Dice Score [42]: The Dice Score represents an essential metric for performance evaluation of segmentation systems, while it is commonly referred to as the Dice Similarity Coefficient (DSC). This metric calculates the overlap degree between prediction and truth mask segmentation by using a formula that divides the area of shared pixels by the sum of all pixels between the two masks multiplied by two. The Dice Score presents a value between 0 and 1 that describes the extent of segmentation match. The Dice Score evaluation method shows higher overall performance when it achieves a better score because this metric demonstrates strong agreement between prediction outcomes and reference standards. Medical imaging specialists prefer the Dice Score because it successfully detects minimal discrepancies between predicted and actual masks when segmenting tumors or organs.
Accuracy [43]: The general metric Accuracy determines how well the model identifies pixels based on their classification category. The metric determines the relationship between correctly identified image pixels, including background and foreground, versus all pixels present in the image. The effectiveness of accuracy measurement becomes unreliable when datasets have extreme class distribution, including the background and the desired object. Such situations yield maximum accuracy through defaulting to the most common class outcome even when minority class segmentation is incorrect.
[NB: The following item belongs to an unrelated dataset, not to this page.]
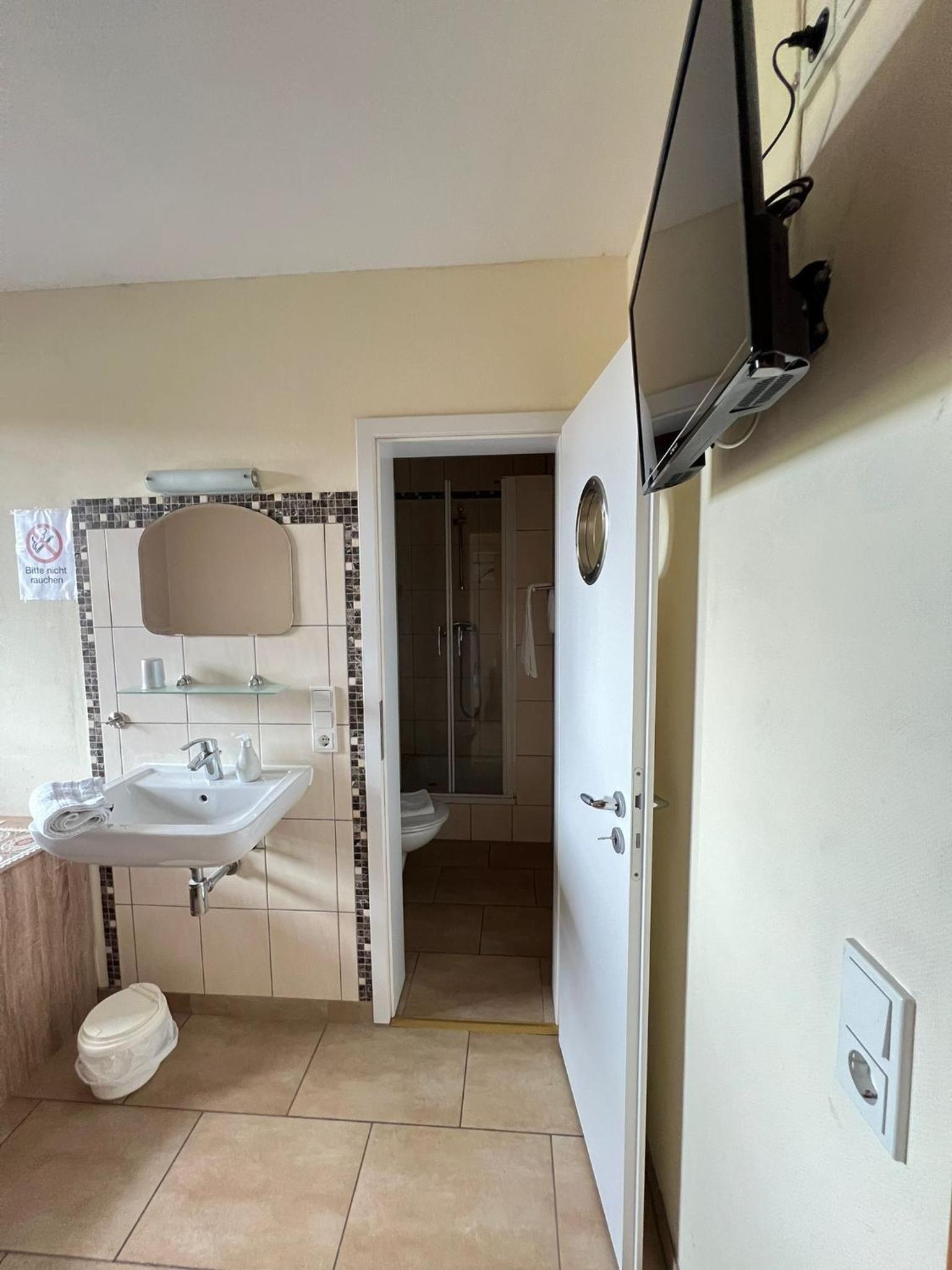 Das Zimmer, Bad und Bett war sauber und ordentlich. Die Ausstattung war in Ordnung.Der Preis war wirklich sehr günstig. Parken am Haus war problemlos. Obwohl im Erdgeschoss das Restaurant ist war es ruhig in den oberen Etagen.

Sensitivity and Specificity [44]: Sensitivity (also known as recall or true positive rate), together with Specificity (also known as true negative rate), serve as essential metrics, especially for medical applications. Model sensitivity describes how well the system detects positive instances like medical image disease regions by dividing true positives by their sum with true positives and false negatives. The detection of all positive cases requires few false negatives when the sensitivity is high in medical diagnostic scenarios. The model’s ability to correctly identify negative cases, such as healthy medical regions, determines Specificity.
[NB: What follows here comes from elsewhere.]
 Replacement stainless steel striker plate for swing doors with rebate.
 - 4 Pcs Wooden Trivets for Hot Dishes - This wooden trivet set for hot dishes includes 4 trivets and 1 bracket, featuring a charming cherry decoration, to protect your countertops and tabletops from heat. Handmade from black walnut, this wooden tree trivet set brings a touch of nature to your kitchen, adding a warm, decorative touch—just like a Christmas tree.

It specifies the ratio of true negatives to the total number of actual negatives, which is all negative instances in the data. A model-specific output guarantees that it accurately separates normal from affected areas. In the medical domain, combining high sensitivity with specificity is crucial since it allows the model to perform efficient detection of positive cases as well as minimize false positives, which might lead to some useless treatment or other diagnostic measurements.
4.4. Baseline Results
For early comparison, the performance simulations are computed by analyzing a controlled baseline to isolate the effect of the Improved Group–Shuffle Module (IGSM) by first performing analysis on a variety of symmetric encoder–decoder versions recurrently constructed using our architecture, all trained under the same circumstances. These baselines have the same core symmetric form, yet they vary in terms of internal feature processing mechanisms. Table 2 shows a comparative performance study of these in-house designed models, which is an internal ablation study before external benchmarking.
The Baseline (Standard Convolution) model uses an otherwise convolutional symmetric encoder–decoder, with no special or grouping mechanisms, and demonstrated a Mean IoU of 0.7241 and a Dice Score of 0.9383. The addition of isolated modules—Channel or Spatial—produced moderate improvements on some measures, but often at the expense of others, including Specificity in the Channel measure. A better balance was gained when both were integrated into a Dual baseline with a Mean IoU of 0.7468, as indicated in Figure 6.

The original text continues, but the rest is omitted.